• [THE TASK] Restate the listing below word for word; no pictures belong in the copy.

• [GIVEN INFORMATION]
──────

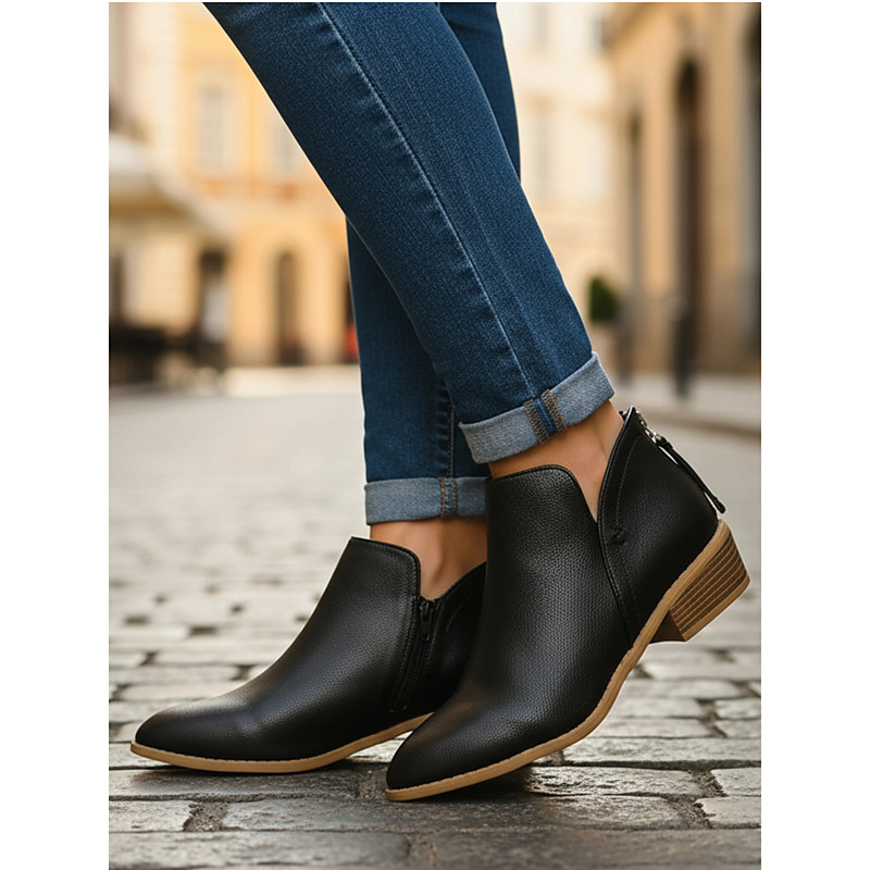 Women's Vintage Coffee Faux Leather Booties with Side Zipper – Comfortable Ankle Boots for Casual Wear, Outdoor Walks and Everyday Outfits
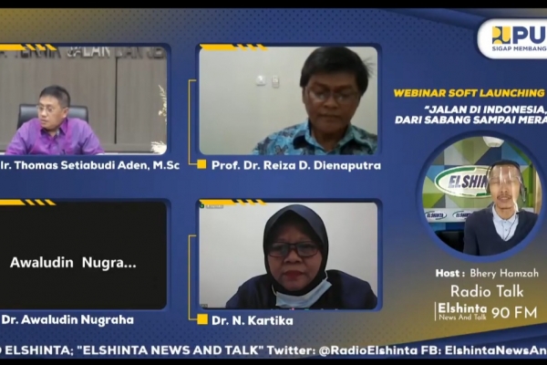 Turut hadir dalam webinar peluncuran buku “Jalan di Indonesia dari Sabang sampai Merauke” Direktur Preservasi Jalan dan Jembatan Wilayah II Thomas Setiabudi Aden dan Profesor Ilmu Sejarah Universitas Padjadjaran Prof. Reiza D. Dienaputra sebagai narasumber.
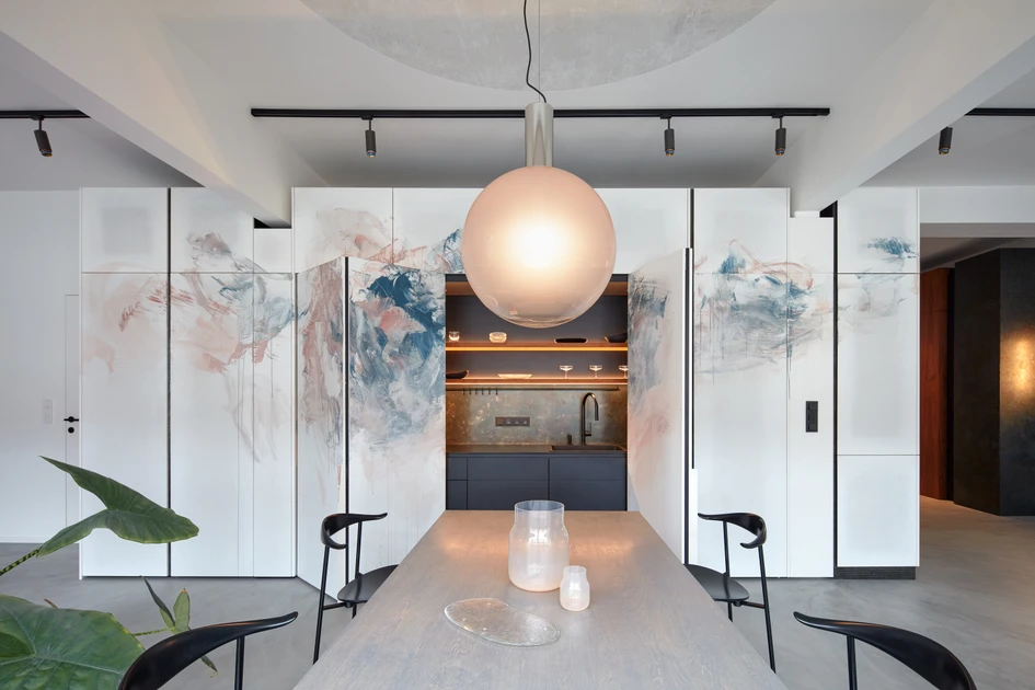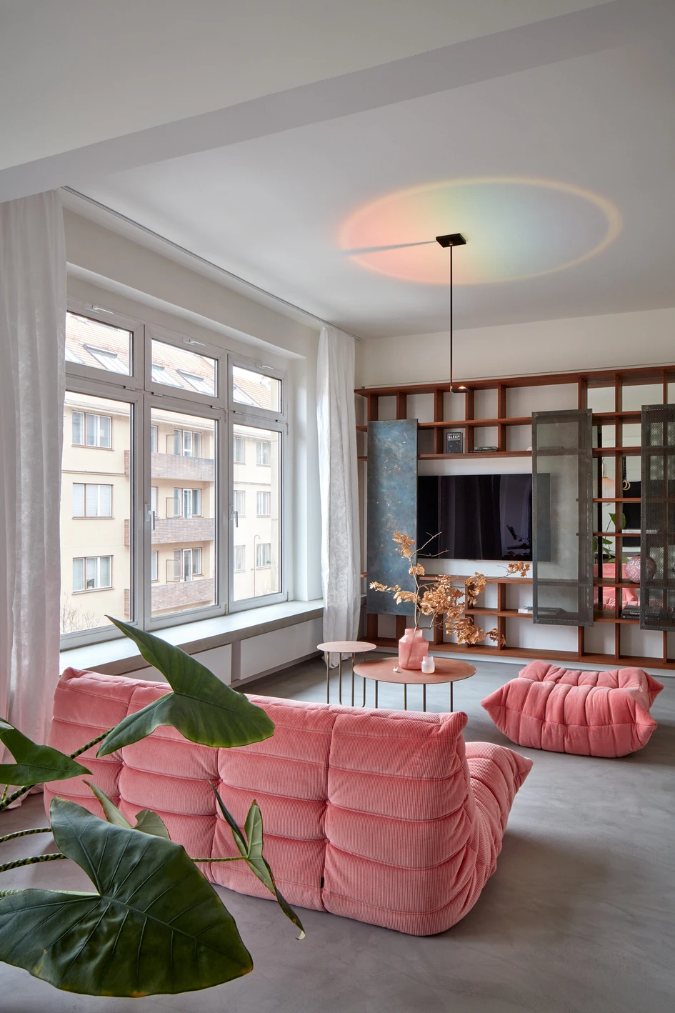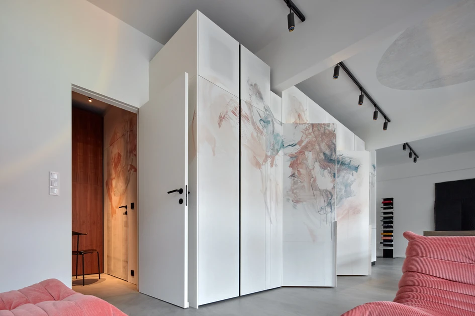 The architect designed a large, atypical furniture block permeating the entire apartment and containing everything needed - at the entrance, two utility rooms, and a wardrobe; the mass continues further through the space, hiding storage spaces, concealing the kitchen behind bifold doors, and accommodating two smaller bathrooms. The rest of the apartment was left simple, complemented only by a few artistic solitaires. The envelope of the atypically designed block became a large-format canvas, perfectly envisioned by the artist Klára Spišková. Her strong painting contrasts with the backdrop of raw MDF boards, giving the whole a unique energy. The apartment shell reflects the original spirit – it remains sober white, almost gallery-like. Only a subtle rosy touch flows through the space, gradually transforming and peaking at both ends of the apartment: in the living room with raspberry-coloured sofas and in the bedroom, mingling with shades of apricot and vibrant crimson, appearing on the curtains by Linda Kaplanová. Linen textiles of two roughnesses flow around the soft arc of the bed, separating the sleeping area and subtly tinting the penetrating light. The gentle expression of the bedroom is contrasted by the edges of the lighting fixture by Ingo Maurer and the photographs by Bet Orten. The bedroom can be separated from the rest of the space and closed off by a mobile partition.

──────

• [EXERCISE RESULT]
 Women's Vintage Coffee Faux Leather Booties with Side Zipper – Comfortable Ankle Boots for Casual Wear, Outdoor Walks and Everyday Outfits
 Turut hadir dalam webinar peluncuran buku “Jalan di Indonesia dari Sabang sampai Merauke” Direktur Preservasi Jalan dan Jembatan Wilayah II Thomas Setiabudi Aden dan Profesor Ilmu Sejarah Universitas Padjadjaran Prof. Reiza D. Dienaputra sebagai narasumber.
 The architect designed a large, atypical furniture block permeating the entire apartment and containing everything needed - at the entrance, two utility rooms, and a wardrobe; the mass continues further through the space, hiding storage spaces, concealing the kitchen behind bifold doors, and accommodating two smaller bathrooms. The rest of the apartment was left simple, complemented only by a few artistic solitaires. The envelope of the atypically designed block became a large-format canvas, perfectly envisioned by the artist Klára Spišková. Her strong painting contrasts with the backdrop of raw MDF boards, giving the whole a unique energy. The apartment shell reflects the original spirit – it remains sober white, almost gallery-like. Only a subtle rosy touch flows through the space, gradually transforming and peaking at both ends of the apartment: in the living room with raspberry-coloured sofas and in the bedroom, mingling with shades of apricot and vibrant crimson, appearing on the curtains by Linda Kaplanová. Linen textiles of two roughnesses flow around the soft arc of the bed, separating the sleeping area and subtly tinting the penetrating light. The gentle expression of the bedroom is contrasted by the edges of the lighting fixture by Ingo Maurer and the photographs by Bet Orten. The bedroom can be separated from the rest of the space and closed off by a mobile partition.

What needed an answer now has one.